Village on IsloteWe listened to the SSB and ham nets and religiously downloaded weatherfaxes, but high wind and waves continued to pummel the southwestern Caribbean with no break in sight. After a few days in the Rosarios we were antsy to move on, so we decided to continue on to another group of islands, the Islas San Bernardos, another 25 miles further south along the coast. These islands are less known and less visited by yachts, but we found an encouraging description in our Reed's nautical atlas, and it turned out to be a pleasant destination. There are a few uninhabited islands, a few islands with what seemed to be resorts (some abandoned, some in use), and one tiny island completely covered with huts and shacks. In fact, the little village island was so packed with habitation that it even had a suburb -- a few small huts on stilts that sat off to one side in the shallow water just northeast of the island, as though the builders had run out of room on the land and had to expand to the water.

We turned in just past Isla Tintipan to anchor, and were the only yacht there. However, there were many local fishing boats, and watching them all was very discouraging to our hopes of foraging for our own fish dinner. They fished with nets. They fished with spears. They fished with dynamite, or at least some sort of charge that they set off to stun the fish; Kevin was in the water at the time and reported a very unpleasant sensation. But the following day, despite greenish water and considerable depths, the hunters brought back a medium-sized crab and a large Nassau grouper, and we dined well.

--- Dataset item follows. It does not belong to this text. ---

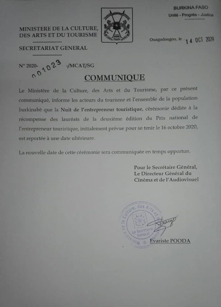 Accueil/Actualité/communiqués de presse/Communiqué du Ministère des Arts et du Tourisme Communiqué du Ministère des Arts et du Tourisme Webmaster B24 Envoyer un courriel 14/10/20200 Moins d’une minute Webmaster B24 Envoyer un courriel 14/10/20200 Moins d’une minute Linkedin Messenger Messenger WhatsApp Telegram Partager par email Imprimer

Besides fishing, we had another project to attend to at Isla Tintipan. The sail down from the Rosarios was straight downwind, so when we got underway we prepared to put out the whisker pole. But while getting the outboard end of the pole onto the jib sheet, Britt twisted the pole into the wrong position, and the plastic fitting which attaches to the mast on the inboard end broke. (Our guess is that it had been weakened by the beating the pole took when it broke on the way to Cartagena.) The pole slammed down off the mast and onto an open hatch on deck, amazingly not breaking or even denting it very much, and it took both Britt and Kevin to disassemble everything and put the pole away in a temporary fashion as I steered us downwind.

The repair job was a masterwork of jury-rigging. Needless to say, we didn't have a spare mast fitting on board -- the pole wasn't even designed to have the fitting replaced. So we rummaged through all the hardware and spare parts we had on board, tossed around ideas and rummaged some more. The jigsaw, drill, tap, and orbital sander all got used, as did a couple of bolts which we had just removed the previous week from another part of the boat, some aluminum stays that we had saved from a worn-out backpack, and a whole bunch of assorted screws and washers. It doesn't look like something you can buy from West Marine. But we have a functioning whisker pole again.